Indicator<Input = f64, Output = f64>. Python: PercentageTrailingStop(percent).batch(close) returns a 1-D np.ndarray — no warmup NaNs because the indicator emits on the first input. Node: same shape; update(close) returns number.

Warmup

warmup_period() == 1. The first input seeds a long stop at close · (1 − percent/100) and the indicator emits immediately.

Edge cases

  • First bar. Always seeds long with stop percent below seed close.
  • close == 0.0. step == 0, so the stop equals the close. The next non-zero close triggers a normal flip evaluation.
  • Negative close. |close| is used to compute step, so the trail width stays positive for short-side equity-equivalents (futures with negative prices, spread products). The indicator treats the trail conceptually as one-sided per state, not on a signed axis.
  • Flat tape. A constant close holds the stop fixed; no flip.
  • Reset. reset() clears prev_stop to None and resets the side flag to long.

Examples

Rust

rust
use wickra::{BatchExt, Indicator, PercentageTrailingStop};

fn main() -> Result<(), Box<dyn std::error::Error>> {
    let prices: Vec<f64> = (0..40).map(|i| 100.0 + f64::from(i)).collect();
    let mut p = PercentageTrailingStop::classic();
    let out = p.batch(&prices);
    println!("row 10 = {:?}", out[10]);
    Ok(())
}

Python

python
import numpy as np
import wickra as ta

prices = 100 + np.arange(40, dtype=float)
p = ta.PercentageTrailingStop(5.0)
out = p.batch(prices)
print('warmup:', p.warmup_period())  # 1
print('row 10:', out[10])

Node

javascript
const wickra = require('wickra');

const p = new wickra.PercentageTrailingStop(5.0);
const prices = Array.from({ length: 40 }, (_, i) => 100 + i);
const out = p.batch(prices);
console.log('row 10:', out[10]);

Streaming

rust
use wickra::{Indicator, PercentageTrailingStop};

let mut p = PercentageTrailingStop::classic();
let close_stream: Vec<f64> = Vec::new(); // your live close-price feed
for close in close_stream {
    let stop = p.update(close).unwrap();
    // The indicator's internal `long` bit is private; infer from stop position.
    let side = if close > stop { "long" } else { "short" };
    println!("close={close:.4}  stop={stop:.4}  side={side}");
}

Interpretation

  • Trail width is proportional to price. 5% means $5 on a $100 stock and $50 on a $1000 stock; the indicator self-scales.
  • Symmetric flip behaviour.
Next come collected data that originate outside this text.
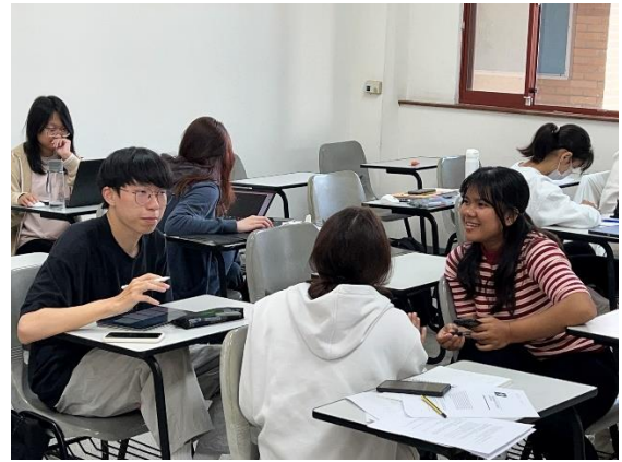
圖片說明：2024年3月28日，課堂中學生分組討論。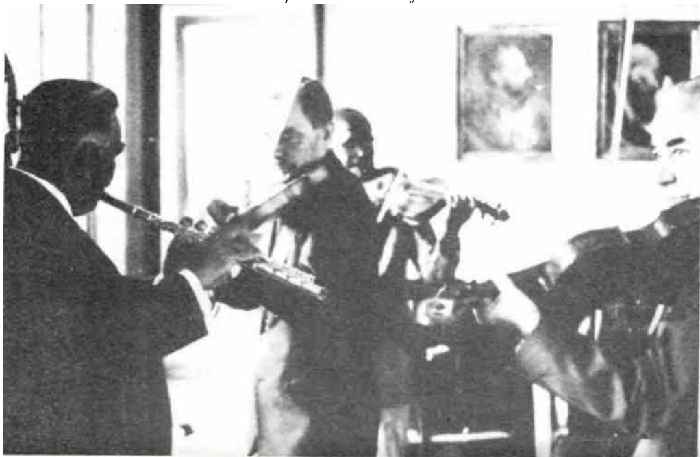
Miembros de la orquesta Ramalho ofreciendo un concierto en Tiradentes.

porque un siniestro plan de explotación se ocultaba en las mentes de los dirigentes del Proyecto Tiradentes. No sólo estaban aterrados sino que además resentidos con nosotros.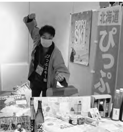
ふるさと応援フェスタ inチカホ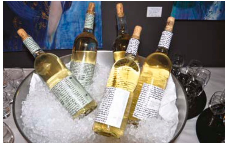
Schön gekühlt sind die beiden Müller-Thurgau für den Apéro bereit.

einem schönen Blassrosa gekelterte Pinot Gris gefiel dank seiner vollen Aromatik nach reifen gelben Früchten.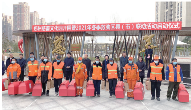
2021年郑州冬季救助区县(市)联动活动启动仪式现场为环卫工送慰问品

2021年12月16日上午,郑州慈善文化园开园仪式暨2021年冬季救助区县(市)联动活动在管城区魏庄游园举行,标志着郑州市首个“慈善广场”建成投用,增添一处靓丽的慈善新地标。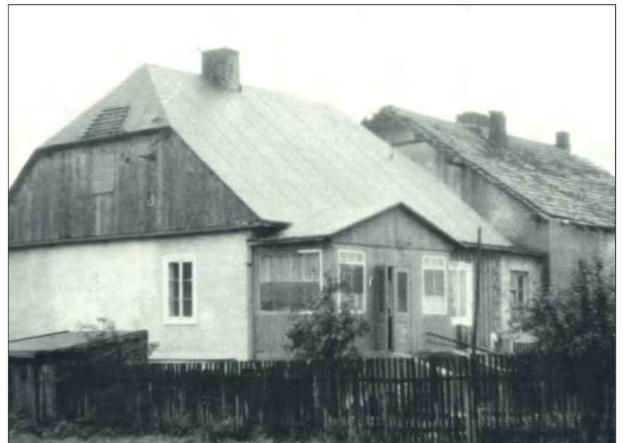
❖ Widok ogólny dworu od strony północno-wschodniej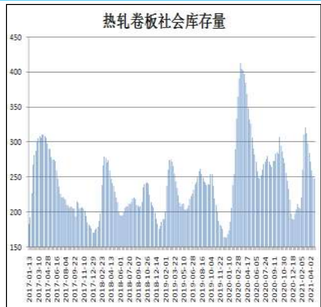
图10：全国33城热卷社会库存

4月29日，据Mysteel监测的全国33个主要城市社会库存为244.83万吨，较上周减少3.5万吨，较去年同期减少87.89万吨。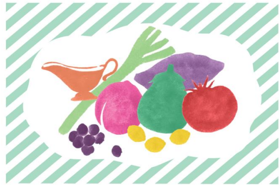
・図10・・・サブグラフィック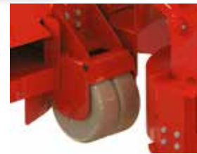
In hoogte verstelbare loopwielen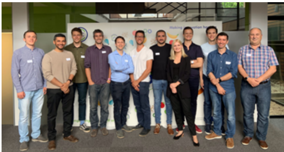
La responsable de EIT-Food junto a los participantes de la iniciativa en el Parque Científico y Tecnológico de Bizkaia

El semillero vizcaíno es uno de los tres abiertos este año, junto a otros dos en Polonia e Irlanda del Norte. Los integrantes de las start-up participantes, ya han sido recibidos y se encuentran inmersos en un programa intensivo que busca la viabilidad de sus proyectos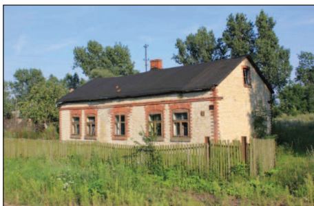
Fot. 3. Typowy budynek mieszkalny z końca lat 30. wieku XX (wieś Ostrowsko)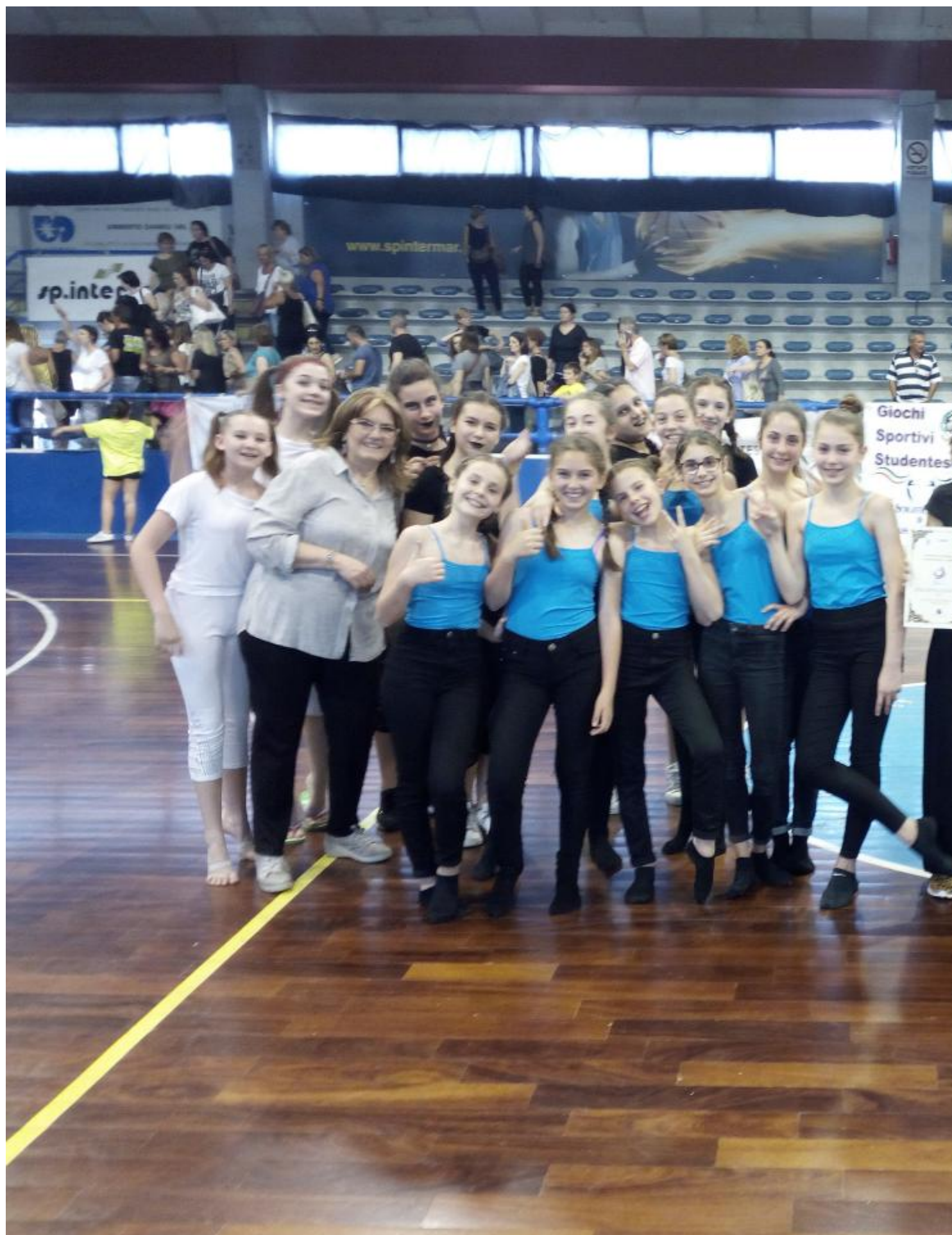
Stamani le tre rappresentative della Malaspina Staffetti che avevano guadagnato i primi tre posti nelle selezioni di istituto della Gymnaestrada , hanno portato le loro coreografie alla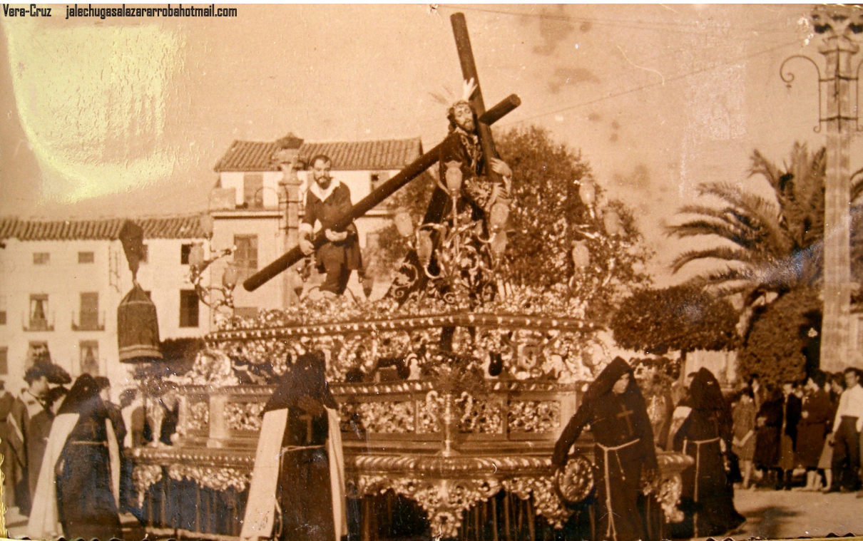
El Cristo de la Vera-Cruz en su recorrido por el Paseo. Foto de los años 60

Vera-Cruz | jalechugasalazararrobahotmail.com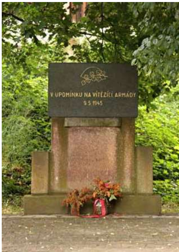
Obr. 13. Pomník vítězným armádám, pohled od jihu.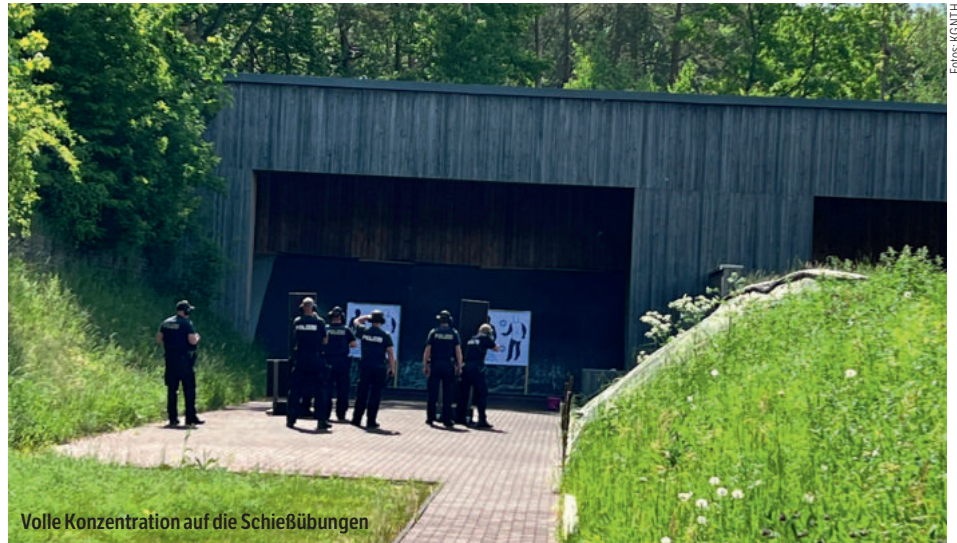
Volle Konzentration auf die Schießübungen

Nordhausen. Am 19. Mai 2022 führte die Einsatzunterstützung der LPI Nordhausen ein ganztägiges Ausbildungsschießen in der Schießanlage Gutendorf durch. Die GdP-Kreisgruppe Nordthüringen übernahm die Versorgung der Einsatzkräfte mit der Gulaschkanone.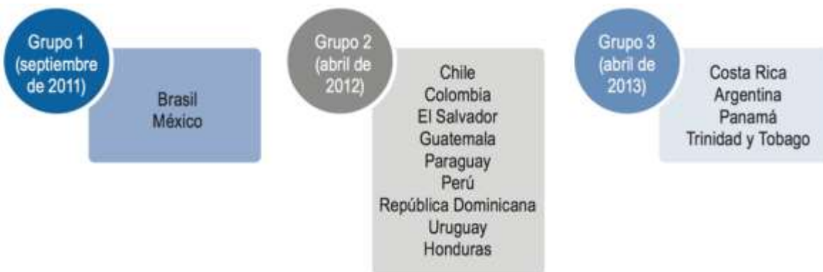
Figura 1. Fuente: Alianza para el Gobierno Abierto (2014) «Participating Countries».

http://www.opengovpartnership.org/countries , consultada 10/10/2016.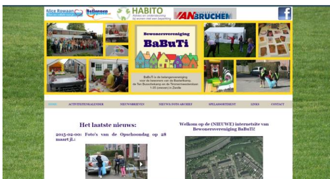
Screenshot nieuwe website BaBuTi

Vandaag is bij u de volledig vernieuwde nieuwsbrief van BaBuTi op de deurmat gevallen! Niet alleen heeft de nieuwsbrief een nieuwe kleur gekregen, ook het logo is vernieuwd, zoals u hierboven ziet. Onze nieuwe huiskleur is van lichtblauw in geel veranderd, wat dus ook betekent dat de nieuwsbrieven vanaf nu op geel papier gedrukt worden - meteen beter leesbaar. Ook in het nieuwe logo zit de kleur geel. Omdat de oude website hard aan vernieuwing toe was, is die ook meteen geheel gemoderniseerd.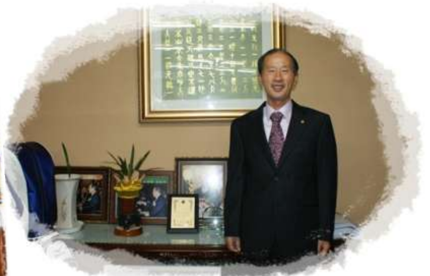
언제나 어디서나 밝은 얼굴과 환한 미소로 홍익을 실천하고 있다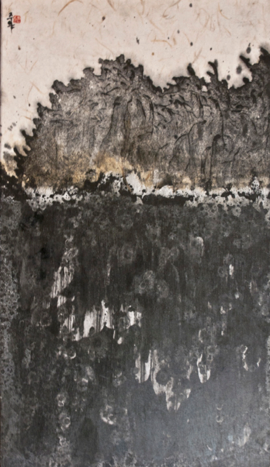
Clif, 2023 Tierra blanca, papel coreano y pigmentos 70 x 40 cm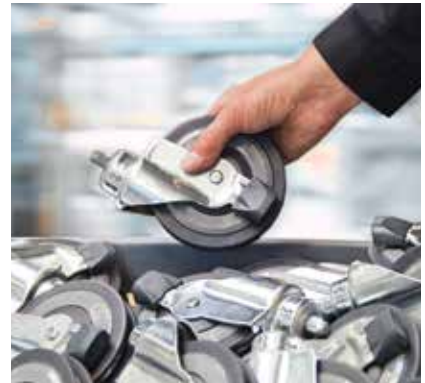
ORIGINAL-ERSATZTEILE von Wanzl gewährleisten höchste Sicherheit, optimale Funktion und lange Lebensdauer.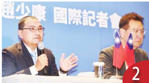
兩岸對話 侯：從民間交流開始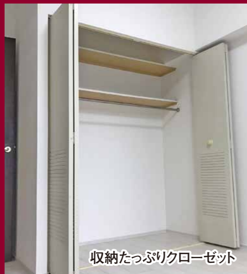
収納たっぷりクローゼット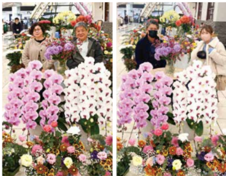
来場者の方に記念に撮影させていただきました!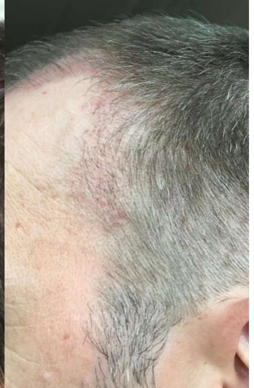
2 Monate post OP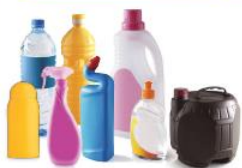
Les bouteilles, flacons et bidons en plastique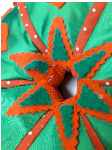
Abb. 6: Stern aus Filzdreiecken.

Auf der grünen Seite bestehen die sechs Teile aus einem grünen Taftstoff, die durch einen roten, weiß gepunkteten Taftstoff voneinander abgegrenzt sind. Zudem lässt sich in der Mitte, ausgehend vom Rand des Lochs, ein kleiner Stern erkennen, dessen Zacken jeweils in einen der sechs Teile ragen. Er besteht aus größeren roten Filzdreiecken, auf die kleinere grüne Filzdreiecke gesetzt wurden und somit der Stern nochmals hervorgehoben und kontrastiert in Szene gesetzt wird (vgl. Abb. 6). Der Kontrast von Rot und Grün wird erneut bei dem Motiv des Herzens aufgegriffen. In jedes der sechs Teile ist ein rotes Herz aus Filz auf den grünen Taftstoff geklebt, welches durch jeweils ein kleines, grünes Kleeblatt aus Filz verziert ist. Hier wird die Handarbeit besonders sichtbar, da Klebereste deutlich zu sehen sind und nicht alle Kleeblätter und Herzen identisch aussehen (vgl. Abb. 7).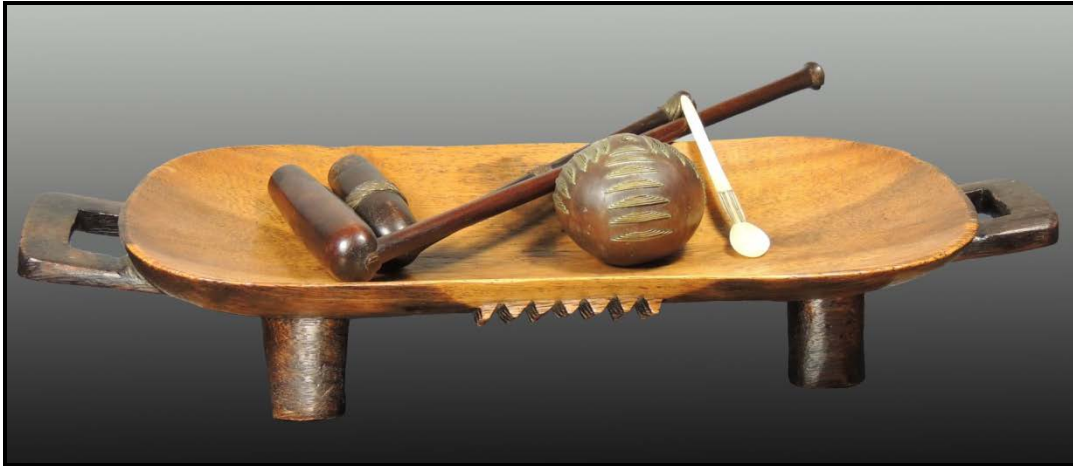
FIGUUR K: Tradisionele Nguni-produkte (Suid-Afrika), 1985.

5.2.1 Dink jy dat die tradisionele produkte in FIGUUR K vandag nog nuttig is? Gee redes vir jou antwoord. (2)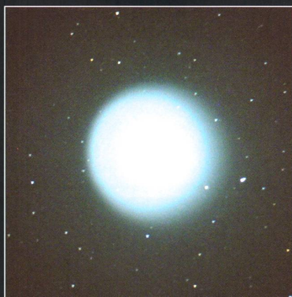
Komet Holmes glich einem überdimensionierten Planetarischen Nebel.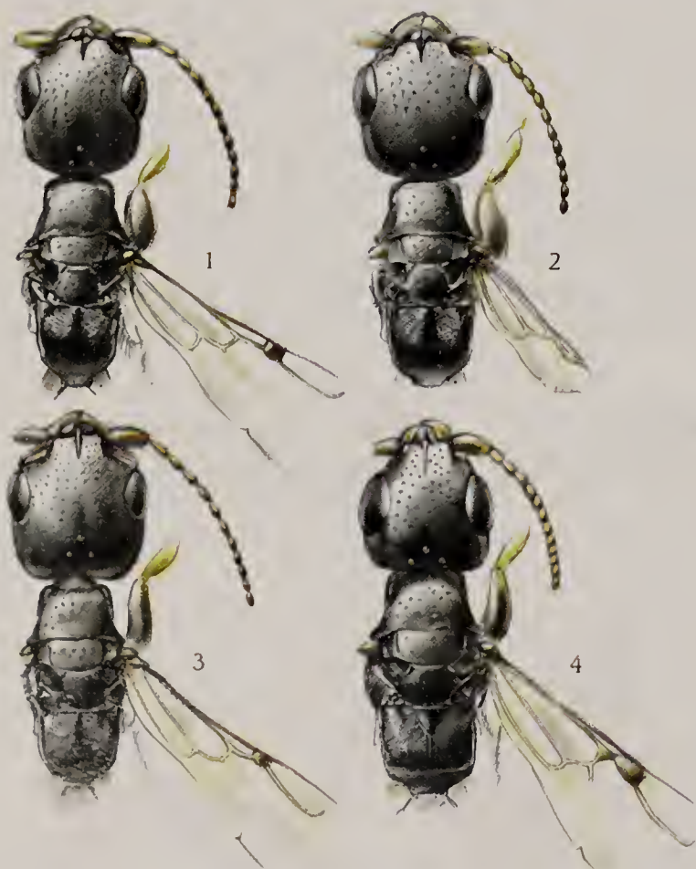
Figuur 3. Vrouwtjes van Bethylus fuscicornis , langvleugelige vorm (1) en kortvleugelige vorm (2). Bethylus cephalotes (3) en Goniozus tibialis (4); bovenzijde van kop en borststuk.

Of de verschuiving in vleugellengte een cyclisch proces is kan alleen worden getoetst aan de praktijk. Inmiddels is op het bewuste zandterrein in Lelystad het woon- en lifestyle -paradijs Palazzo verzezen en zijn ook de meeste andere ideale zandvlakten van Flevoland in cultuur gebracht voor stadsuitbreiding, wegenbouw of recreatie. Verder veldonderzoek is hier voorlopig dus onmogelijk. Gelukkig is de provinciale organisatie voor natuurbeheer, Stichting Flevoland , enkele jaren geleden begonnen met de aanleg van 'nieuwe natuur' voor zandbewoners. Aan de zuidzijde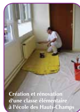
Création et rénovation d'une classe élémentaire à l'école des Hauts-Champs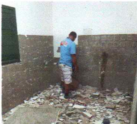
Foto 5 - Visão interna do PSF Serra do Umari Demolição do revestimento cerâmico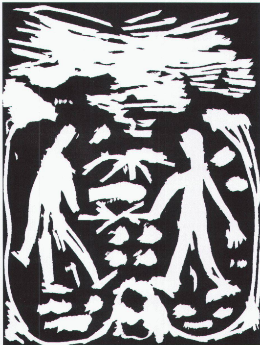
Sundern, Stadtgalerie: A. R. Penck, Das Paar, 1987, Holzschnitt

Bonn, Kunst- und Ausstellungshalle BRD Kunst aus Österreich 1896–1996 bis 10.11. Die grossen Sammlungen IV: Moderna Museet, Stockholm bis 12.1.1997

Unlike one-sided trailing exits (e.g. YoyoExit), this indicator flips both ways: a long close-through opens a short, and vice versa.
  • Vs ATR trailing stops. Percentage trails are constant in relative terms; ATR trails are constant in volatility-scaled terms. Pick percentage when the instrument's volatility is roughly proportional to its price (most equities), ATR when volatility regime drifts independently (commodities, futures rolls).

Common pitfalls

  • Choosing percent without backtest evidence. 5% is a default, not a recipe. Intraday systems may need 0.5% - 1.0%; weekly swing systems may need 8% - 15%.
  • Forgetting the flip. Many traders think of "trailing stop" as one-sided; this indicator goes short on every long-side stopout. If you only want long exits and no short positions, use YoyoExit instead.
  • Gap risk. A gap-down through the long stop fills you at the gap close — the percentage trail provides no buffer.

References

  • Wilder's New Concepts in Technical Trading Systems (1978) discusses parameter-based stops; the explicit "percentage trail" pattern dates to broker-side software in the 1980s.